**Work task:** Exact reproduction is required for the lines below starting at the line with "When you inspect" and ending at the line with "本次大会主要给即将参加地理科", both included. No other lines, and no pictures.

**Supplied data:**
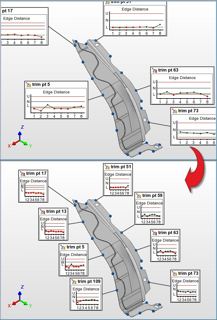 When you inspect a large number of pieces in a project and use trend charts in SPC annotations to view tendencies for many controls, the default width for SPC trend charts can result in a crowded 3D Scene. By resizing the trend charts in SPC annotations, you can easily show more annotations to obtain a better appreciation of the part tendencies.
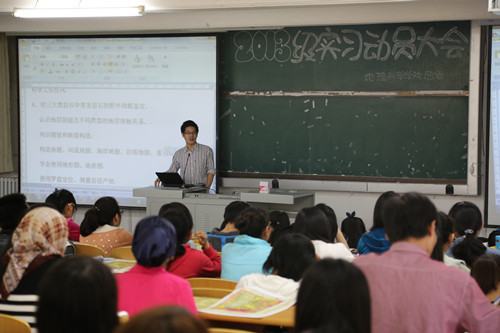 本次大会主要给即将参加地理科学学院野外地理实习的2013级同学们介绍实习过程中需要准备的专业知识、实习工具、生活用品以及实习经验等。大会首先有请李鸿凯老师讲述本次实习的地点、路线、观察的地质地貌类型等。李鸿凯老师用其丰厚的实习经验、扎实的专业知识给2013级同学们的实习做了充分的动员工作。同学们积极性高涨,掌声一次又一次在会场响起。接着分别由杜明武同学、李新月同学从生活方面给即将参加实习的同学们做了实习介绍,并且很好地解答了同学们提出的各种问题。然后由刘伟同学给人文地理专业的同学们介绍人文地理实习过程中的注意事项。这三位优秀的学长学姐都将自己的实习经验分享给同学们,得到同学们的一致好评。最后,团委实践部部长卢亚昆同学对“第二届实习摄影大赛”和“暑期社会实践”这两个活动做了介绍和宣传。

---

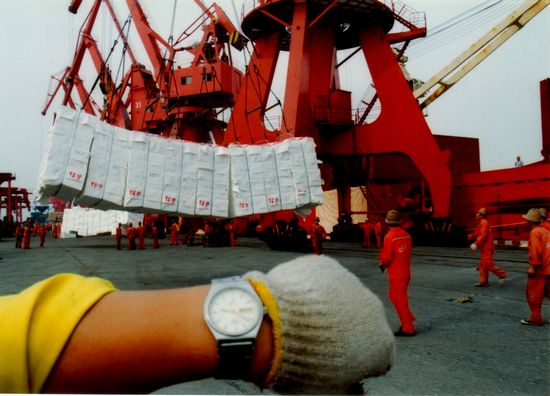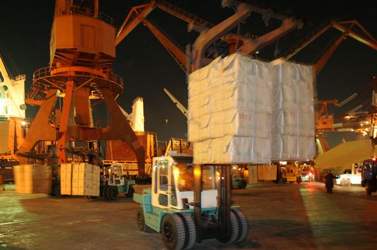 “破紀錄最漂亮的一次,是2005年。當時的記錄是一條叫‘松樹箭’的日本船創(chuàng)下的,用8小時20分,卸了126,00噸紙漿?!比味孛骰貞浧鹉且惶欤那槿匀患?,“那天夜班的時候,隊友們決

**Exercise result:**
 When you inspect a large number of pieces in a project and use trend charts in SPC annotations to view tendencies for many controls, the default width for SPC trend charts can result in a crowded 3D Scene. By resizing the trend charts in SPC annotations, you can easily show more annotations to obtain a better appreciation of the part tendencies.
 本次大会主要给即将参加地理科学学院野外地理实习的2013级同学们介绍实习过程中需要准备的专业知识、实习工具、生活用品以及实习经验等。大会首先有请李鸿凯老师讲述本次实习的地点、路线、观察的地质地貌类型等。李鸿凯老师用其丰厚的实习经验、扎实的专业知识给2013级同学们的实习做了充分的动员工作。同学们积极性高涨,掌声一次又一次在会场响起。接着分别由杜明武同学、李新月同学从生活方面给即将参加实习的同学们做了实习介绍,并且很好地解答了同学们提出的各种问题。然后由刘伟同学给人文地理专业的同学们介绍人文地理实习过程中的注意事项。这三位优秀的学长学姐都将自己的实习经验分享给同学们,得到同学们的一致好评。最后,团委实践部部长卢亚昆同学对“第二届实习摄影大赛”和“暑期社会实践”这两个活动做了介绍和宣传。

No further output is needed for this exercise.